I would lie to believe that all of these factors are involved. For me anyway. I just hope that I am using the correct references at the right time. I would hope that I am capable of rationalizing the differences as to making a reasonable decision and not taking an easier more convenient way.

Who decides what the "right thing" is? If you disagree with me, does that make you right? Or me?

I think we must remember that a decision is a trickle of events to occur. Your decision may impact my decision and so on. How I handle a decision can offset other decisions. With that in mind, I carefully weigh out my choices.

It is important to me at this time in my life, to remember how does this affect me?

I too often choose the decision that will make the most happy. Too please those I love. Forget to look at how will it effect my happiness.

I do believe I can respect one's choices and still not be supportive of them. It is what I have decided to attempt. Even when respecting one's decision, it can be difficult, knowing the cost it will take.

Recently, a friend made a decision that I feel is wrong. She is doing what she feels will bring her the most happiness. I love her and therefore want her to be happy. I have been pondering her decision, her consequences, her reasoning. I have prayed for her, and I have prayed for those involved. However, it is too difficult to push the past away. People may change, but cruelty is a hard one to forgive and forget. Memories of her pain, losing herself and her dignity are hard to erase. She has struggled. She has gone through many hills and valleys these past few years. I just can't find it in me to let that all be swept under the rug and embrace a decision to go back to something that nearly completely destroyed her.

I can't support it. In doing so, I understand that consequences are attached. It will be painful for me but necessary. I have to look at how these decisions affect me. Sometimes I think I am not as strong but then I realize that actually I am stronger. Therefore, this decision I have made is the right one. Right for me. Right for those that will be affected through me.

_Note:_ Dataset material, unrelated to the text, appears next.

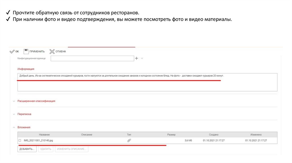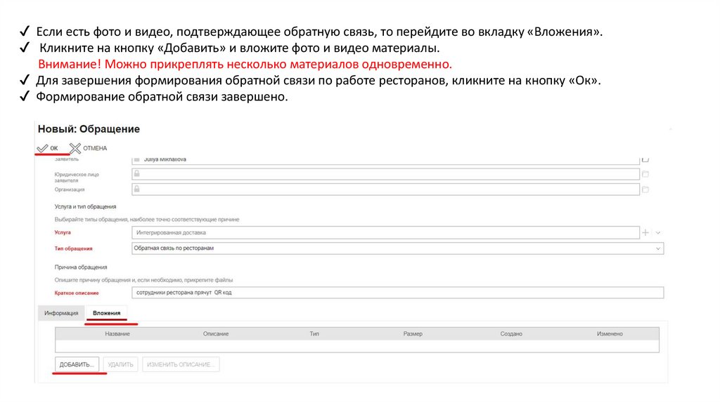 ✔ Если есть фото и видео, подтверждающее обратную связь, то перейдите во вкладку «Вложения».✔ Кликните на кнопку «Добавить» и вложите фото и видео материалы.
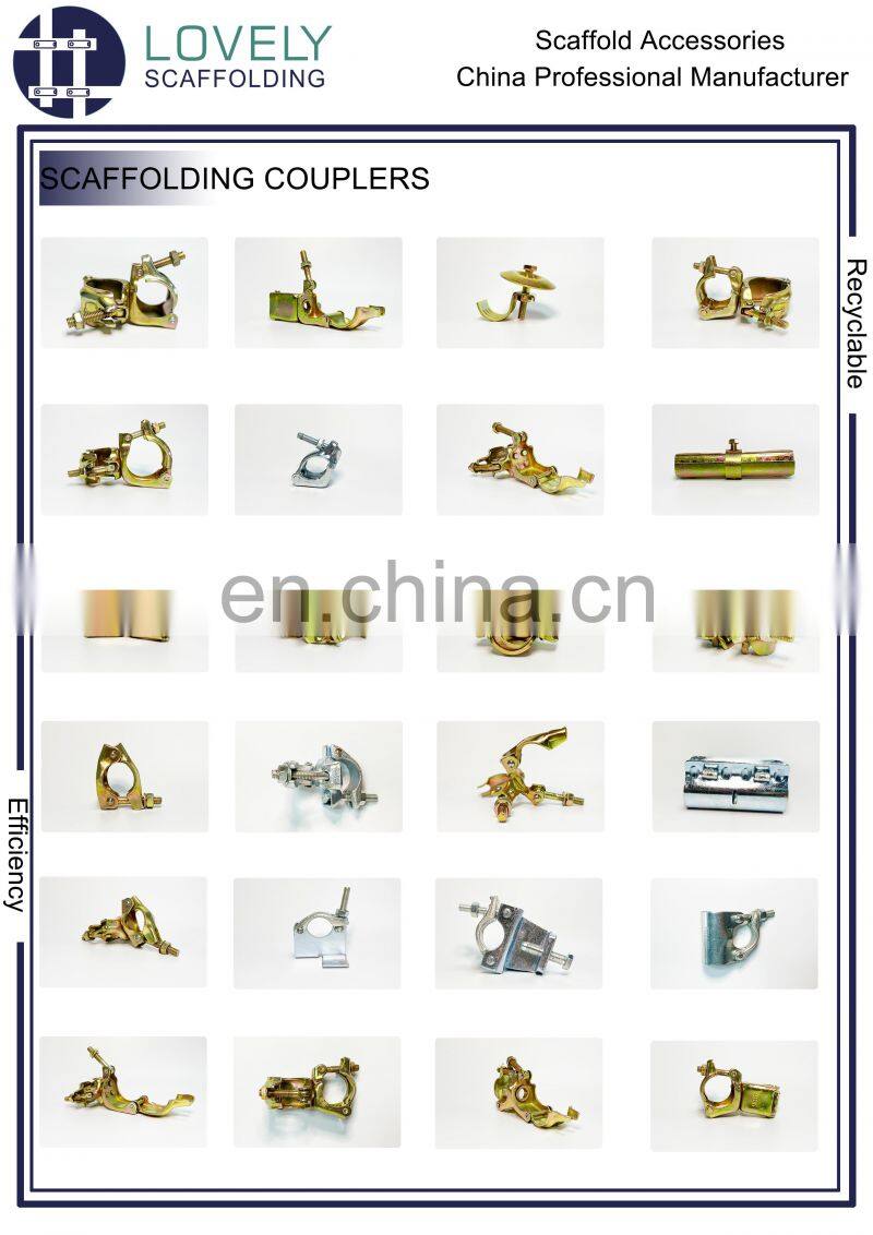 Scaffolding Couplers are used to joint two scaffolding tubes externally one to one. They can be flexibly built in vertical, horizontal and diagonal directions by double coupler, swivel coupler, sleeve coupler etc. Therefore, they can be widely used in formwork scaffold and other shoring systems.

Life is full of choices. But, we only get one life. You have to make your decisions carefully. The impact can change that one life you have to live.

Tuesday, April 13, 2010

The Right Thing...

How do we know what the right thing is?

The right thing to do... how do we know?

I am perplexed once again.
Do I follow my heart or do I follow my head?

Sometimes the simpliest things can feel the most complex.

What is right for one, may be wrong for another.

Life isn't always easy or fair. But it is what it is, and we make the best of it.

This too will pass. There will be more mountains to climb, and more valleys to cross.

Thursday, February 19, 2009

old enough...

Why is it that we have to be of a certain age for many things, but for some very crucial things, there is no age limit?


You must be 14 yrs old, in the state of Indiana, to obtain a work permit (with restrictions)

You must be 16 yrs old, in the state of Indiana, to obtain a driver's license.

You must be 18 yrs old, to obtain a voter's registration.

You must be 18 yrs old, to buy cigarettes.

You must be 18 yrs old, to enter the military and fight for our country.

You must be 18 yrs old, to obtain a gun permit.

Unless you request emancipation, you must be 18 yrs old, to be considered an adult.

Marriage, varies from state to state, but I think for the most part, you have to be 18 yrs old to obtain a marriage license.

You must be 21 yrs old, to buy alcohol.

HOWEVER~

As long as you are physically able to procreate, you can have children (no instructions or training required!) You can even have children if you are a criminal, a molester, or unstable!

As long as you meet the age requirements, you can vote, no matter if you are an imbecile, racist, or terrorist!

You can pretty much buy a gun, after a little back ground search, and I do mean LITTLE, if you intend on using it on others.

Even though we consider you an adult, old enough to make decision like marriage, voting, buying a gun and cigarettes, as well as fighting for our country, we don't think you are old enough to drink alcohol.


I could go on.

I just got a little pissy thinking about this last night. It makes no sense to me.

Do you wonder where we messed up on some of this? What the heck?